Introduction to the Linux kernel file Cache management mechanism-IBM

Source: Internet
Author: User
Tags sendfile

HTTPS://WWW.IBM.COM/DEVELOPERWORKS/CN/LINUX/L-CACHE/1 Preface

Since its inception, Linux has been continuously improved and popularized, it has become one of the mainstream general operating systems, widely used, and Windows, UNIX, together occupy almost all the market share of the operating system industry. Especially in the field of high-performance computing, Linux has become a dominant operating system, with 301 of the global TOP500 computers deployed in June 2005 as Linux operating systems. Therefore, the research and use of Linux has become an unavoidable problem for developers.

Let's look at the mechanism of file Cache management in the Linux kernel. This article takes the 2.6 series kernel as the benchmark, mainly describes the work principle, the data structure and the algorithm, does not involve the specific code.

Back to top of page

2 operating system and file Cache management

An operating system is the most important system software on a computer that manages a variety of physical resources and provides the application with a variety of abstract interfaces for the use of these physical resources. From an application perspective, the operating system provides a unified virtual machine in which there are no specific details about the various machines, only the logic concepts of processes, files, address space, and interprocess communication. This abstract virtual machine makes application development relatively easy: developers need to interact with the various logical objects in the virtual machine without needing to know the specifics of the various machines. In addition, these abstract logical objects make it easy for the operating system to isolate and protect individual applications.

For data on a storage device, the logical concept that the operating system provides to the application is "file". When an application stores or accesses data, it simply reads or writes a one-dimensional address space of "file", and the correspondence between this address space and the storage block on the storage device is maintained by the operating system.

In the Linux operating system, when the application needs to read the data in the file, the operating system allocates some memory, reads the data from the storage device into the memory, and then distributes the data to the application, and when the data needs to be written to the file, the operating system allocates memory to receive the user data. The data is then written from memory to disk. File Cache management refers to the management of the memory allocated by the operating system and used to store file data. Cache management is measured by two indicators: the cache hit rate, the cache hit when the data can be obtained directly from memory, no longer need to access low-speed peripherals, it can significantly improve performance, the second is the ratio of effective cache, the effective cache refers to the actual access to the cache entries, If the ratio of valid caches is low, a considerable portion of the disk bandwidth is wasted on reading useless caches, and useless caches can indirectly cause system memory to be strained, which can eventually severely affect performance.
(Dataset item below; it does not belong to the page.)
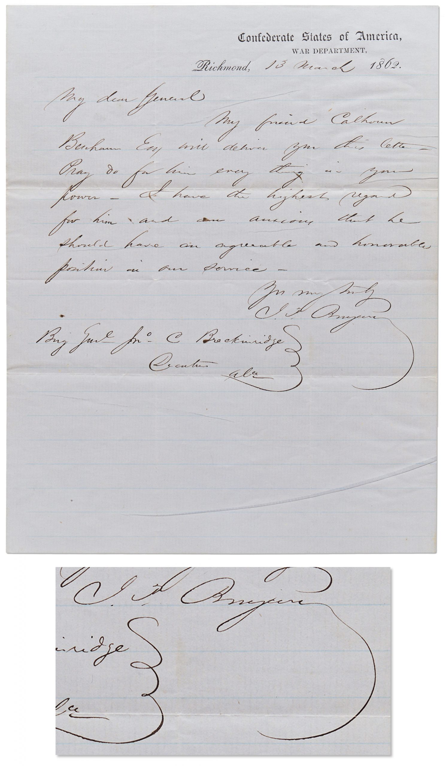 Judah P. Benjamin autograph letter signed, dated 13 March 1862 when Benjamin served as Secretary of War for the Confederate States of America during the Civil War. Benjamin also served as Attorney General and Secretary of State, the only Jew to serve in a cabinet level position for the CSA. Composed on Confederate States of America War Department letterhead, Benjamin recommends a friend to Brigadier General John C. Breckinridge, reading in part, “…Pray do for him every thing in your power – I have the highest regard for him and am anxious that he should have an agreeable and honorable position in our service…J. P. Benjamin”. Single page on lined pale blue bifolium stationery measures 7.75″ x 9.875″. With docketing on verso. Small split starting along one of the folds, overall very good plus condition. With 5″ x 7″ engraving of Benjamin. Sold for $1,520.

The following describes the status and role of file cache management in Linux operating system, the data structure related to file cache in Linux, the pre-reading and substitution of file caches in Linux, and the implementation of file cache related APIs in Linux.

Back to top of page

2 file Cache status and role

The file cache is a copy of the file's data in memory, so the file cache management is related to the memory management system and the file system: On the one hand, the file cache as part of the physical memory, need to participate in the allocation of physical memory collection process, on the other hand, the data in the file cache from the file on the storage device , you need to have read and write interactions with the storage device through the file system. From the operating system's perspective, the file Cache can be seen as a link between the memory management system and the file system. Therefore, the file Cache management is an important part of the operating system, its performance directly affects the performance of the file system and memory management system.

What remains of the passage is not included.